Copy exactly the lines from the beginning of the data down to and including the line holding "接着,实践团前往时家集村、芦", without any pictures.

=== DATASET EXCERPT ===

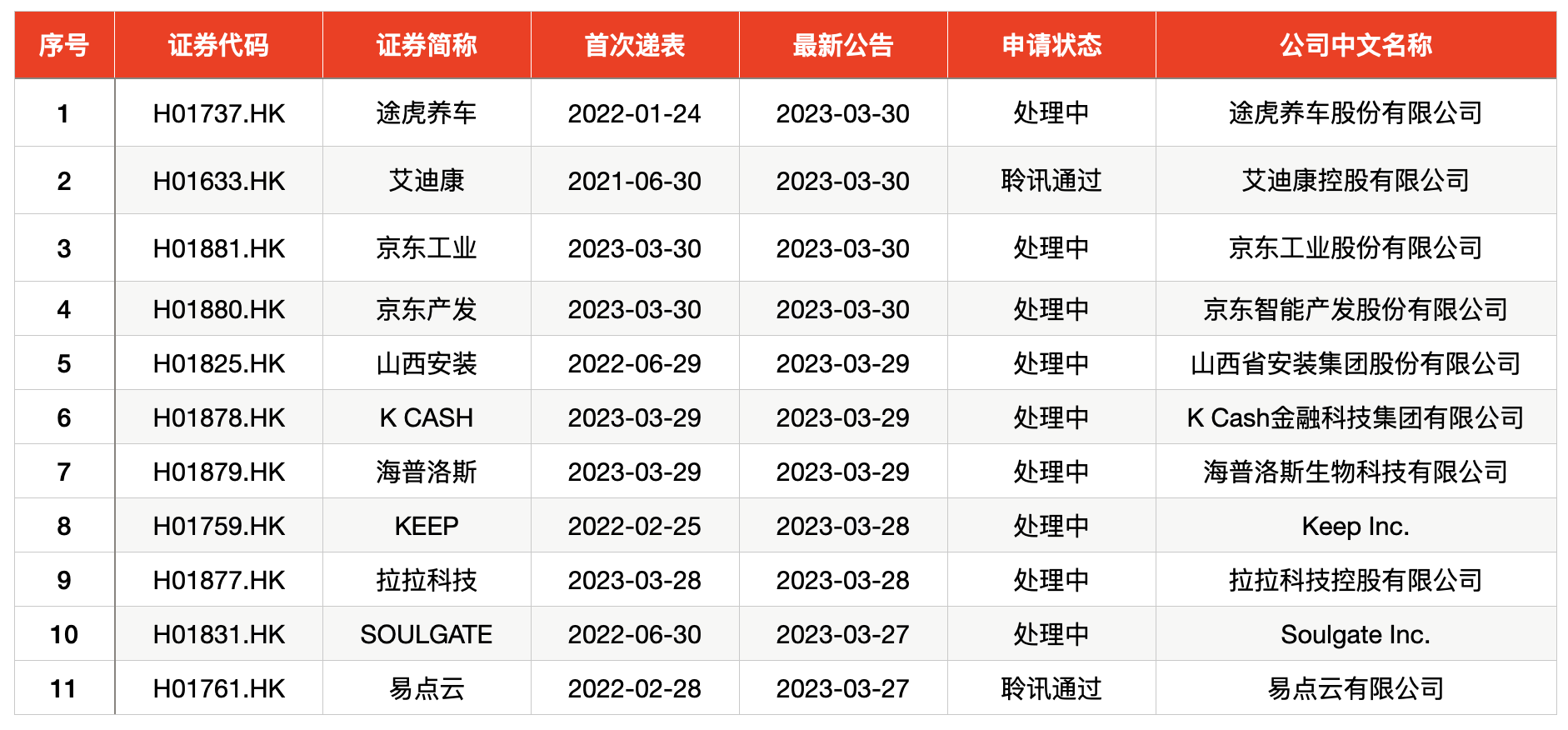 上周,共有2家企业通过聆讯,为艾迪康控股有限公司、易点云有限公司,以及共有9家企业向港交所递交招股申请书,其中,Keep、途虎养车、Soul等4家企业更新了招股书,货拉拉、京东工业、京东产发等5家企业首次向港交所递交招股书。
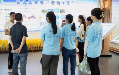 接着,实践团前往时家集村、芦沟村,与当地村委会和养殖大户等交流,对比不同养殖模式的差异化;走访创业学院、叮咚买菜工厂,挖掘人才培育与产销衔接的创新实践;参观龙虾博物馆溯源产业文化脉络,也深入全球龙虾贸易中心、大桐农贸市场捕捉流通消费动态,全面聚焦龙虾全产业发展。此外,实践团赴江苏省淡水水产研究所,深研“盱眙一号”攻关故事,从区域联动和科研助力方面进一步探究对相关产业发展的影响。
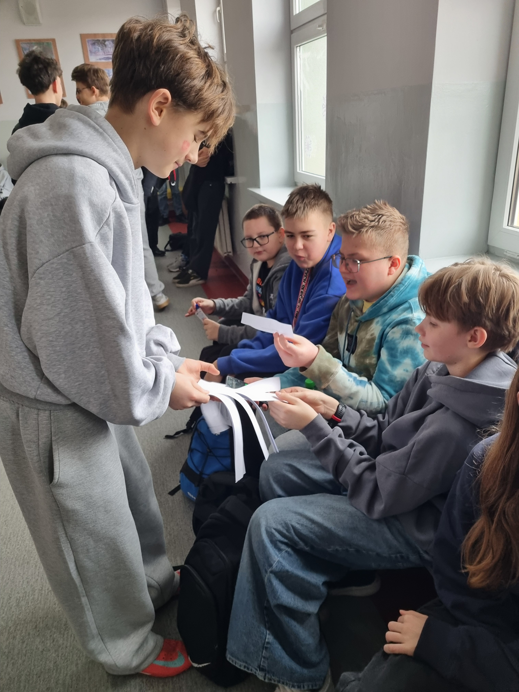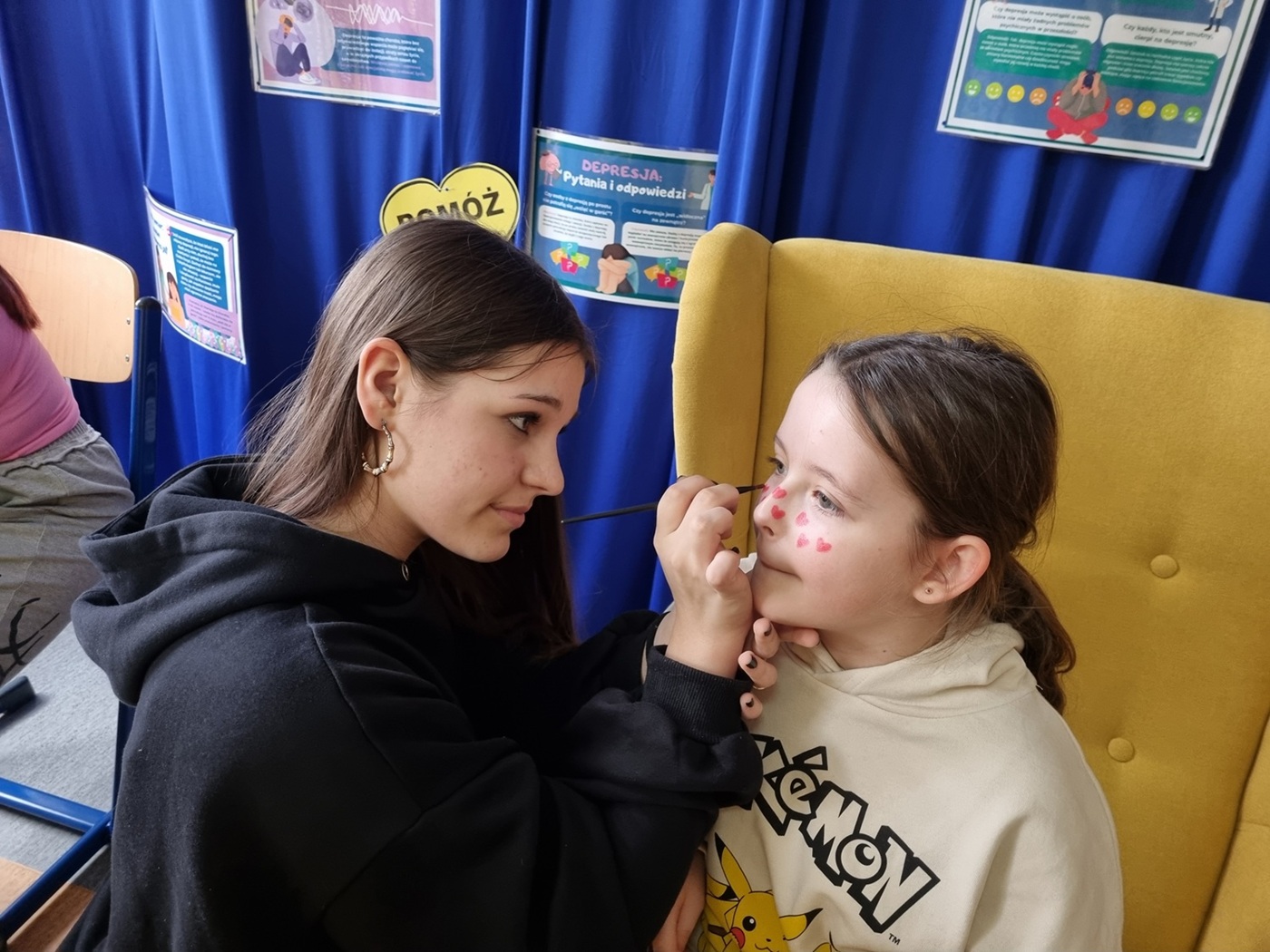 Dla młodszych uczniów przygotowano kącik wyciszenia z mandalami relaksacyjnymi, gdzie mogli na chwilę się zatrzymać i odpocząć. Na szkolnych korytarzach pojawiły się także gazetki informacyjne zawierające wskazówki, jak rozmawiać o emocjach oraz gdzie szukać pomocy.

===

__WRITTEN RESPONSE__
 上周,共有2家企业通过聆讯,为艾迪康控股有限公司、易点云有限公司,以及共有9家企业向港交所递交招股申请书,其中,Keep、途虎养车、Soul等4家企业更新了招股书,货拉拉、京东工业、京东产发等5家企业首次向港交所递交招股书。
 接着,实践团前往时家集村、芦沟村,与当地村委会和养殖大户等交流,对比不同养殖模式的差异化;走访创业学院、叮咚买菜工厂,挖掘人才培育与产销衔接的创新实践;参观龙虾博物馆溯源产业文化脉络,也深入全球龙虾贸易中心、大桐农贸市场捕捉流通消费动态,全面聚焦龙虾全产业发展。此外,实践团赴江苏省淡水水产研究所,深研“盱眙一号”攻关故事,从区域联动和科研助力方面进一步探究对相关产业发展的影响。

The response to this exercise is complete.